_Input data_.
● ● ● ●

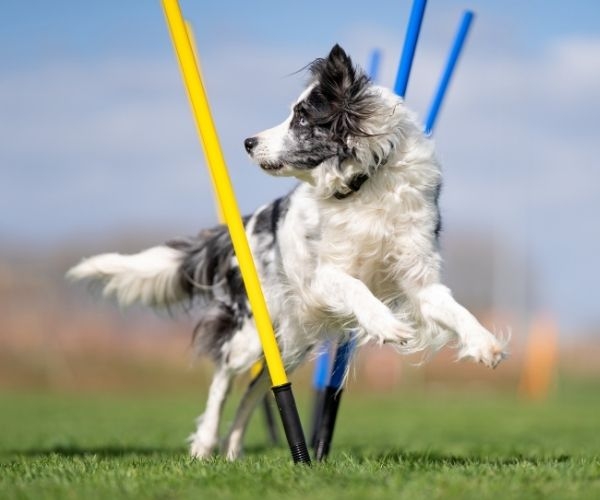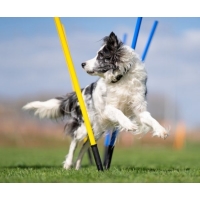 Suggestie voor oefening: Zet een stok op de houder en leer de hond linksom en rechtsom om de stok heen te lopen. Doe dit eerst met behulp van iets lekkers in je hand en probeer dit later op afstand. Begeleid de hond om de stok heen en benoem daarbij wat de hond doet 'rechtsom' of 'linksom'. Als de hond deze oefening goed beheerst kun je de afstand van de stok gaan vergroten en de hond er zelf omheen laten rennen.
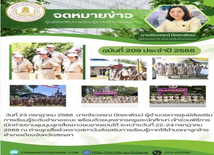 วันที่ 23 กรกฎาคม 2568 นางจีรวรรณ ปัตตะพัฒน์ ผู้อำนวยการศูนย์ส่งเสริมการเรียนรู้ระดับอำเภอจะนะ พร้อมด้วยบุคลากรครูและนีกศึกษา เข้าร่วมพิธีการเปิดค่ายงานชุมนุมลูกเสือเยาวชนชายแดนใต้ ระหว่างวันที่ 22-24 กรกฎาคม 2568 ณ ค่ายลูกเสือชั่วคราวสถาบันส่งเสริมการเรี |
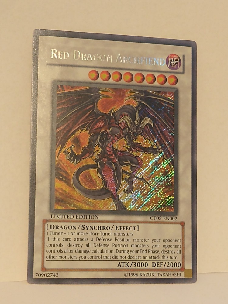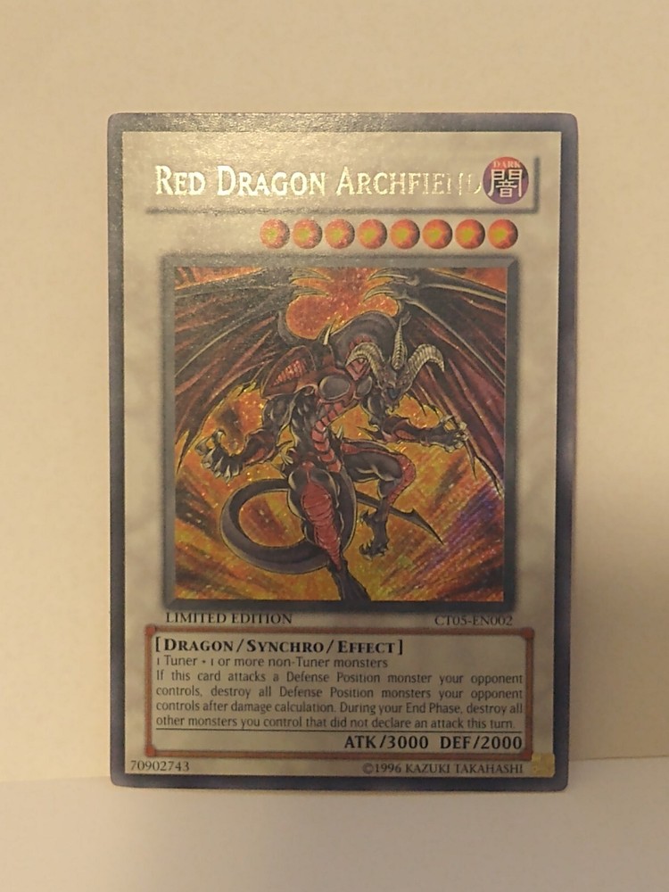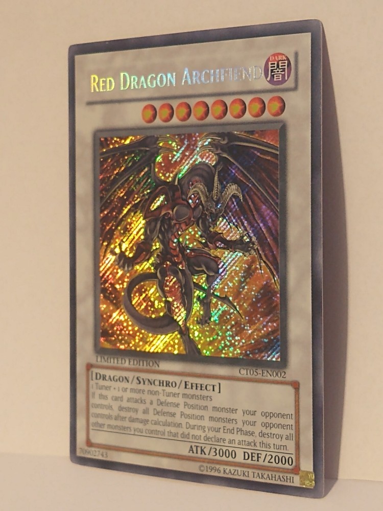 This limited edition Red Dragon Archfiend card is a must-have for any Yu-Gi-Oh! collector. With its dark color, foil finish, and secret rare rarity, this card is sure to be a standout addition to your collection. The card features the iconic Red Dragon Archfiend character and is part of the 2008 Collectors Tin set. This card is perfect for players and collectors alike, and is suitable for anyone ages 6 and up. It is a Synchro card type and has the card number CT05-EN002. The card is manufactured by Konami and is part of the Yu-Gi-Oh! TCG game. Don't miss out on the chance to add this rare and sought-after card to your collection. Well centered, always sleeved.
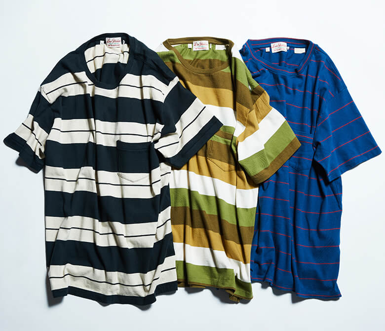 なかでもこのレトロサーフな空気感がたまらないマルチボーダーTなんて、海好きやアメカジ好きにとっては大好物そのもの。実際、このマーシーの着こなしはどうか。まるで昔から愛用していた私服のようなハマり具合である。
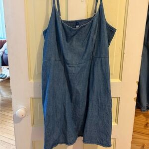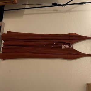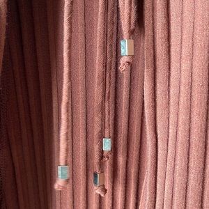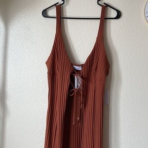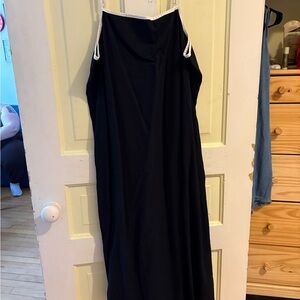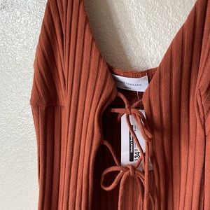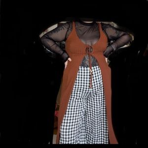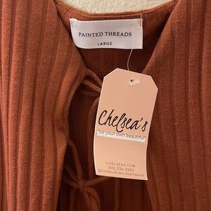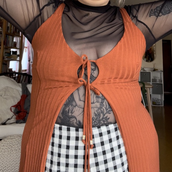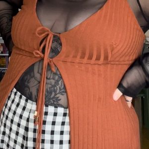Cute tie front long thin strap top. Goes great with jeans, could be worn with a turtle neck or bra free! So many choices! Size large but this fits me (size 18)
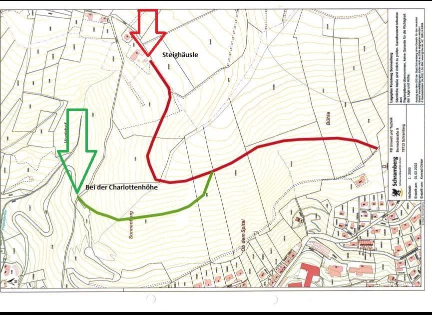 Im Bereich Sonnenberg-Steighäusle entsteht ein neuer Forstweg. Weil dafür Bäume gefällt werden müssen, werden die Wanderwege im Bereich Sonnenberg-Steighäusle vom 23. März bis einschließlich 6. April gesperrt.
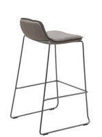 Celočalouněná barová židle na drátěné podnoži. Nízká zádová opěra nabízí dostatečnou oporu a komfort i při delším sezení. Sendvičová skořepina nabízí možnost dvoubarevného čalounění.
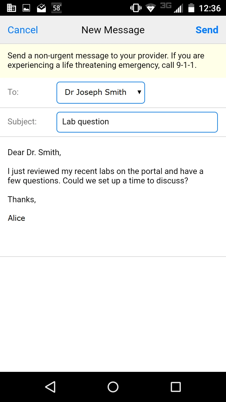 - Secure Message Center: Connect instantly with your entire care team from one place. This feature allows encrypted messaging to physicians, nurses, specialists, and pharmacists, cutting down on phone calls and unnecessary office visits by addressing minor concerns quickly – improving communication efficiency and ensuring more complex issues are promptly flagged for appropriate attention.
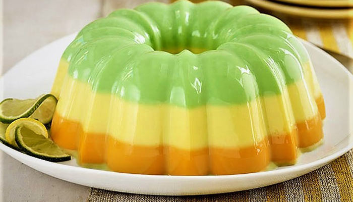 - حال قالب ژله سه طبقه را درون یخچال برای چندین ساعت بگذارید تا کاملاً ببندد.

● ● ● ●

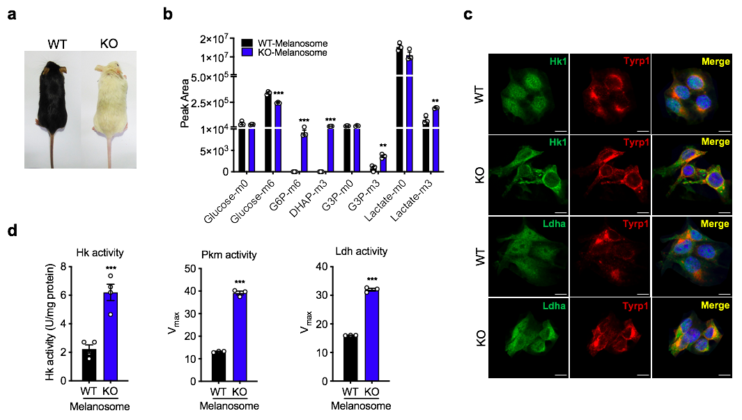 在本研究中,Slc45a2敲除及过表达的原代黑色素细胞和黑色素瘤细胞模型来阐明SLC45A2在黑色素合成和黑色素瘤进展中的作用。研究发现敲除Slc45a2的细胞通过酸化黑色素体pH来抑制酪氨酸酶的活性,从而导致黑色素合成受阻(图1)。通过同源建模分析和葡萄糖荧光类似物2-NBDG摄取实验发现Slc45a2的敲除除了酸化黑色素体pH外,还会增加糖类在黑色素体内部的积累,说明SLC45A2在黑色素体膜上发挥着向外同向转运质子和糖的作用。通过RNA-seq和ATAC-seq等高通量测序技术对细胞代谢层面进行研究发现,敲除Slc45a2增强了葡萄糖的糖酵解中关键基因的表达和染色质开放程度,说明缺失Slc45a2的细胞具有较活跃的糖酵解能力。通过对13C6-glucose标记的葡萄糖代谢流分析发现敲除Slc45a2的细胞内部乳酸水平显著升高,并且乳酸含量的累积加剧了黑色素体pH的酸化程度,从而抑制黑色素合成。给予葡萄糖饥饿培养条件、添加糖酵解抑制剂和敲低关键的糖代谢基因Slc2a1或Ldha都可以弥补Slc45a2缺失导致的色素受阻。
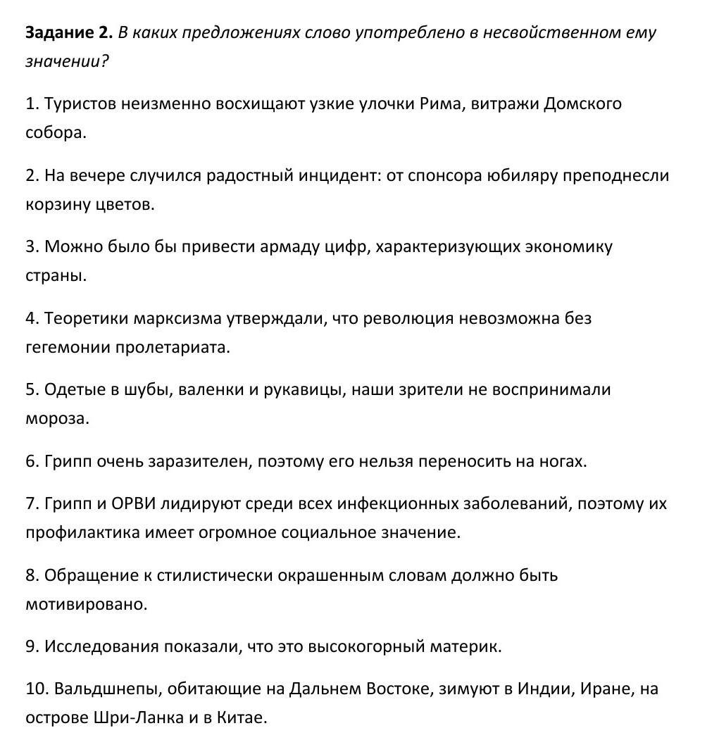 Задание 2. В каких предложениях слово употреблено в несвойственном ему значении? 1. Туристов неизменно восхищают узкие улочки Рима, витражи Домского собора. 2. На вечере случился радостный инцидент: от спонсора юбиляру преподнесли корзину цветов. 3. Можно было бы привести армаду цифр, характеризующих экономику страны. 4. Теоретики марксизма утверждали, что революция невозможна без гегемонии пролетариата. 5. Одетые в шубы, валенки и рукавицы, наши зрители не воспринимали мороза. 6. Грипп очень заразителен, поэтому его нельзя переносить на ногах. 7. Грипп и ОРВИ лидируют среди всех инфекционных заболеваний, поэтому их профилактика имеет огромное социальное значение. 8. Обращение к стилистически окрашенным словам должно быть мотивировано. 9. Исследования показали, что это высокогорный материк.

● ● ● ●

_Exercise goal_. Copy the lines above between the one holding "Suggestie voor oefening: Zet" and the one holding "วันที่ 23 กรกฎาคม", inclusive. Drop the pictures.

_Your response_.
 Suggestie voor oefening: Zet een stok op de houder en leer de hond linksom en rechtsom om de stok heen te lopen. Doe dit eerst met behulp van iets lekkers in je hand en probeer dit later op afstand. Begeleid de hond om de stok heen en benoem daarbij wat de hond doet 'rechtsom' of 'linksom'. Als de hond deze oefening goed beheerst kun je de afstand van de stok gaan vergroten en de hond er zelf omheen laten rennen.
 วันที่ 23 กรกฎาคม 2568 นางจีรวรรณ ปัตตะพัฒน์ ผู้อำนวยการศูนย์ส่งเสริมการเรียนรู้ระดับอำเภอจะนะ พร้อมด้วยบุคลากรครูและนีกศึกษา เข้าร่วมพิธีการเปิดค่ายงานชุมนุมลูกเสือเยาวชนชายแดนใต้ ระหว่างวันที่ 22-24 กรกฎาคม 2568 ณ ค่ายลูกเสือชั่วคราวสถาบันส่งเสริมการเรี |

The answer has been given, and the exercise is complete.